We complete changed our metadata format that we use to store workflows, to enable us to start improving the way we use workflows, but also to improve performance. But since the old format and way of doing things is rather slow, that migration can take quite some time. If you check the number of .cwl files in the .renku/workflows folder, the time the migration takes is on the order of that number of files times 3 seconds per file (so 200 workflows takes around 10 minutes), though it doesn’t scale linearly and depends on how those workflows are related/connected to each other, how many files the use as inputs/outputs and how complicated the git history of the project is.

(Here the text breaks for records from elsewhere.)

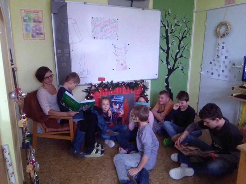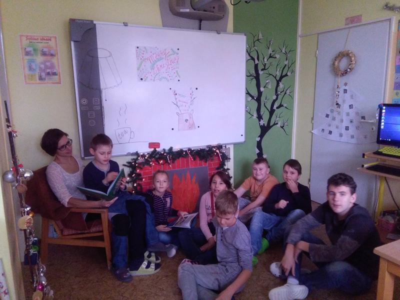 Pohodlné křeslo, hořící krb, světýlka, ozdoby a knížky ... to všechno jsme dnes vykouzlili pro naše žáky ve IV. a V. třídě pro vytvoření té pravé vánoční nálady. Inspirací je pro nás téma projektového dne Vánoce v cizích zemích, který proběhne v naší škole 22. prosince.
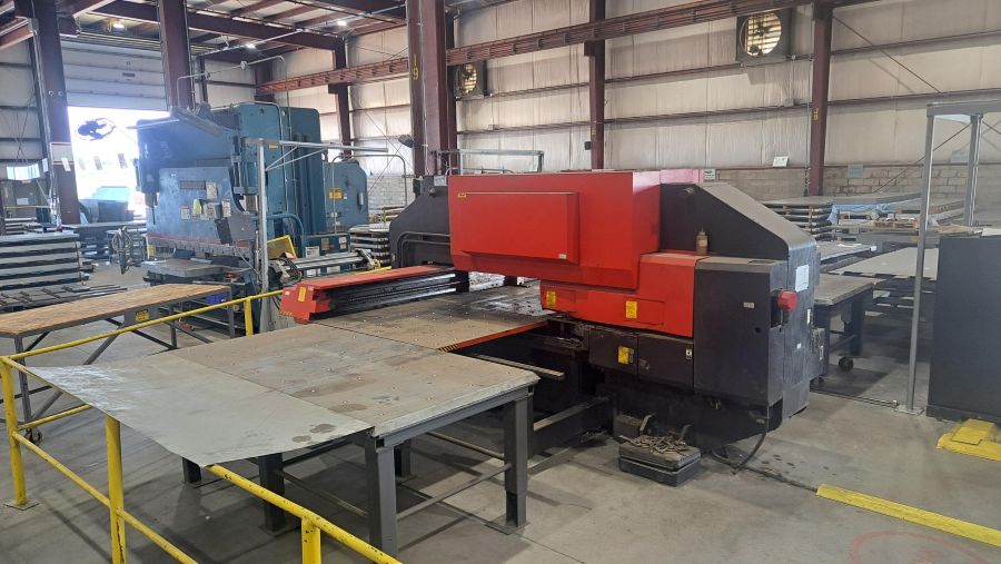 The Amada Pega 357 is a mechanical 33 ton turret punch press capable of  processing sheets up to 4′ x 12′ with one auto repositioning cycle. All of the Pega series machines are known for reliability and low maintenance costs. This Pega 357 features a hydraulic clutch and brake system, Fanuc based 04PC control and 50″ throat.  This Pega 357 has a 45 Station 4 Auto-Index Turret.
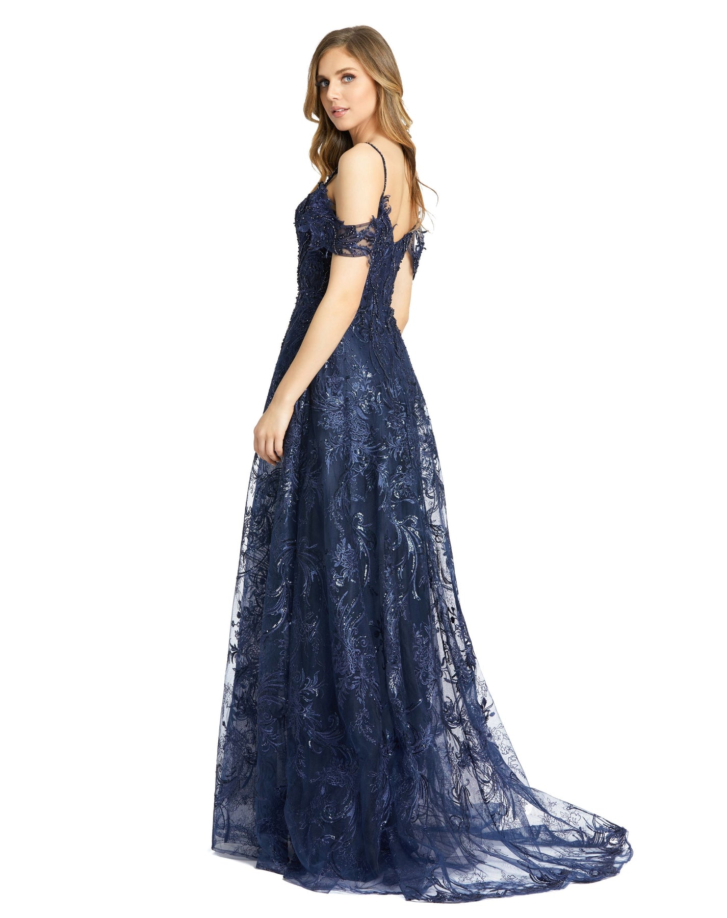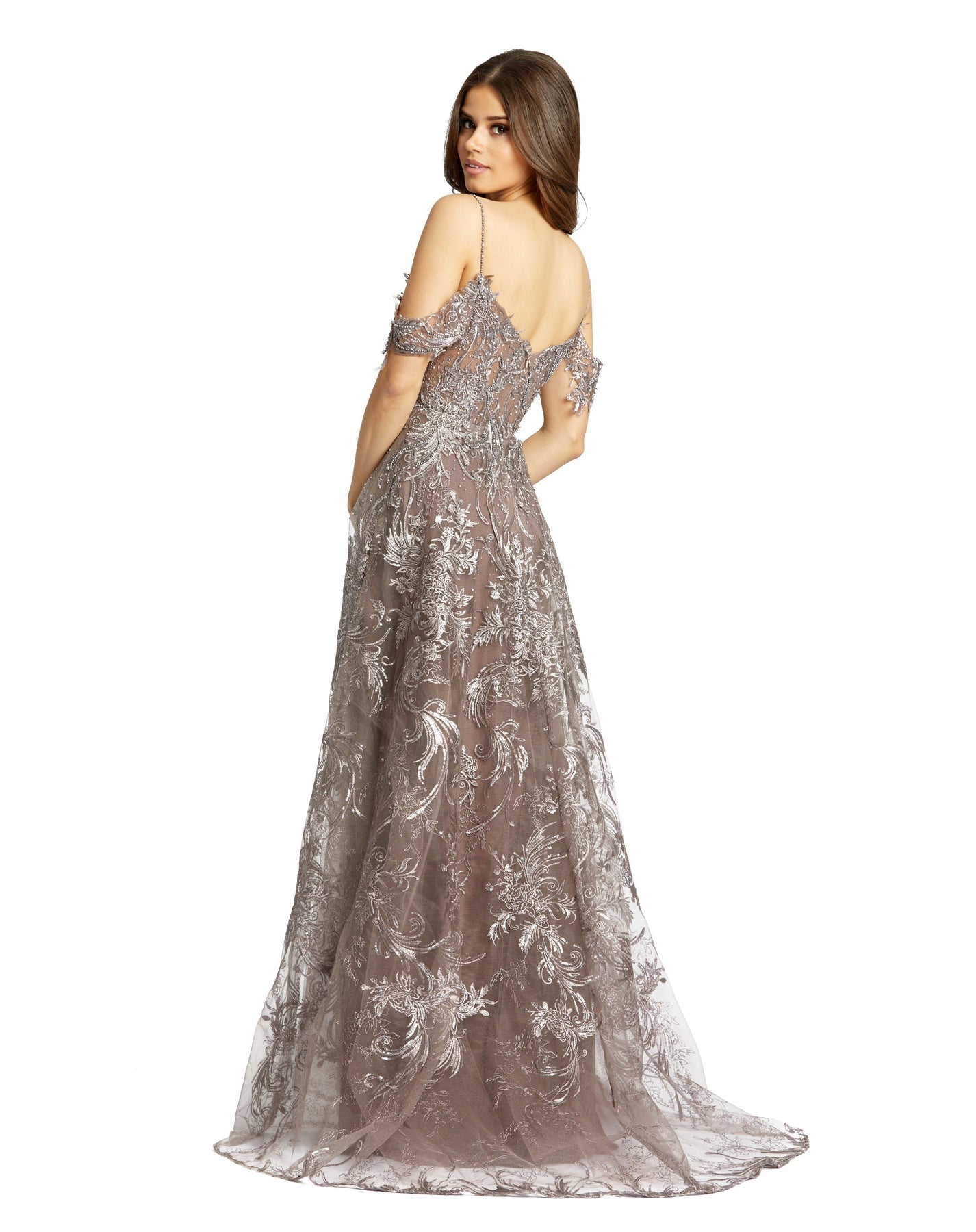 Embellished Cold Shoulder Sweetheart A Line Gown
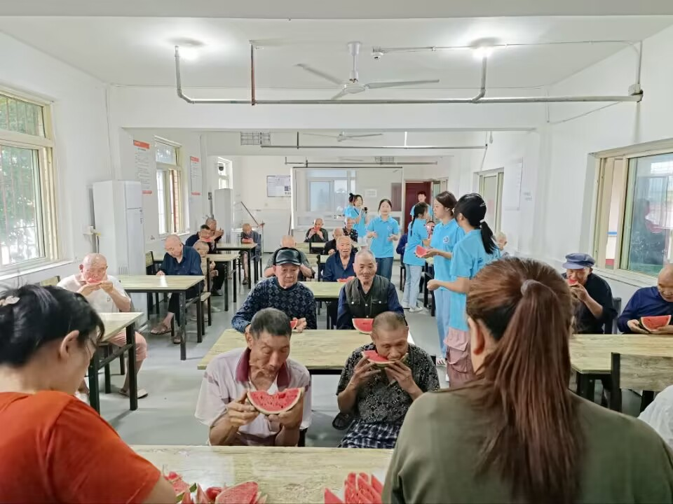 图为志愿者在给老人们分发水果
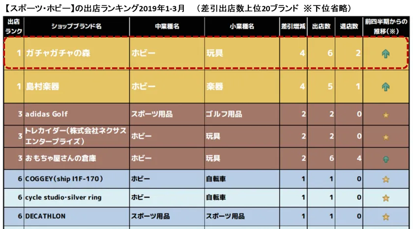 業界動向が浮き彫りに!「業種別出店・退店ランキング」 出店ランキングには市場拡大中のカプセルトイ業界が!
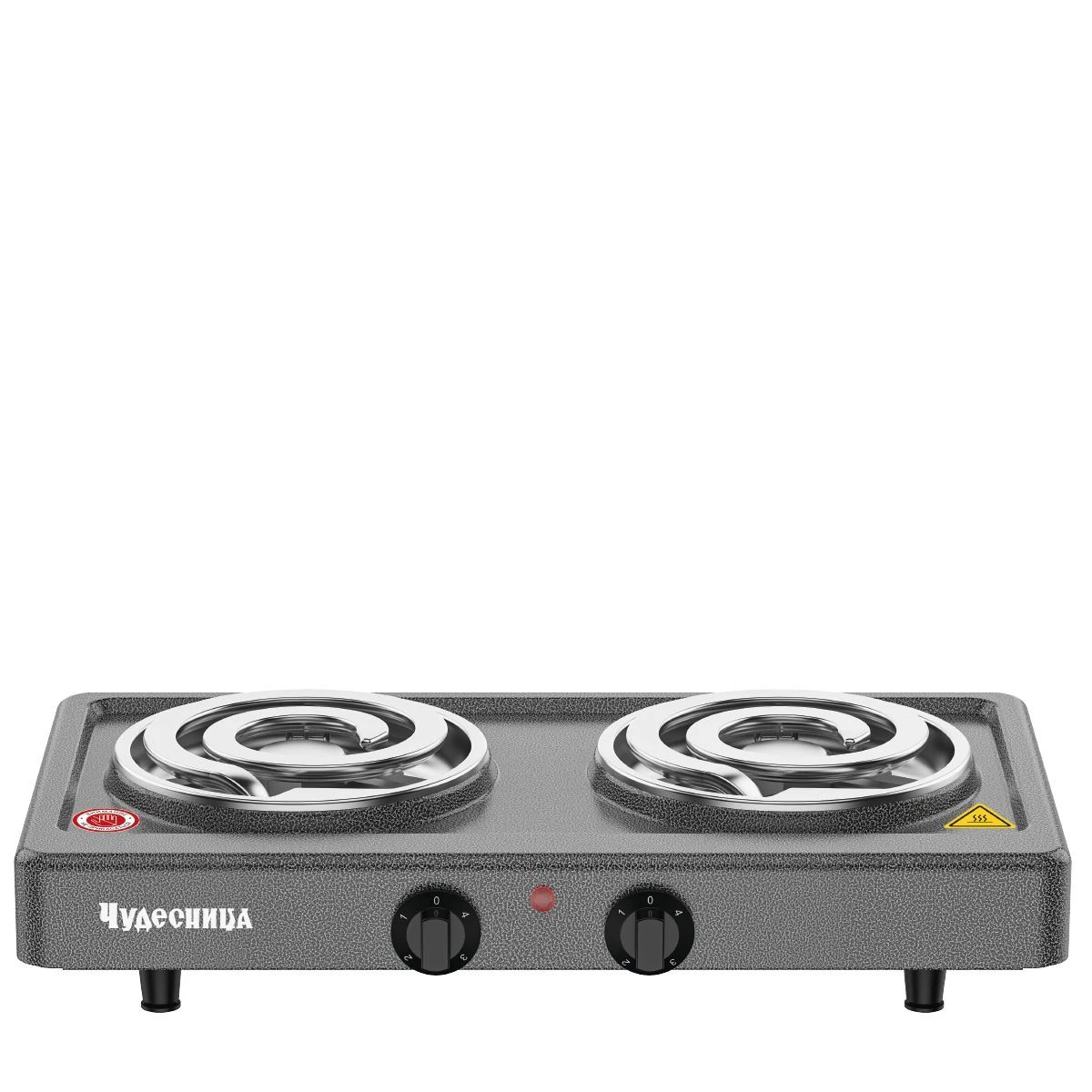 Плитка электрическая Чудесница ЭЛП-813 с 2-мя конфорками, цвет черный, мощность 1000+1000 Вт, толстый спиральный нагревательный элемент из высококачественной стали, плавная регулировка температуры, прочное легкоочищаемое термостойкое эмалевое покрытие, защита от перегрева, световой индикатор работы

If you check out the repo locally and run renku migrate manually, you should be able to see it making commits for the workflows while it’s migrating (in a second terminal, for instance).

Just to make sure it’s actually hanging and not just taking a long time.

Okay, thanks! That sounds actually plausible… I have 9735 files there… so should be at least 8 hours (I gave up after 4 so far). Will try again. But I did it locally anyways, but there were no new commits after I stopped the migration. Should I be able to see that afterwards? Or how can I check if it is actually committing during the migration exactly?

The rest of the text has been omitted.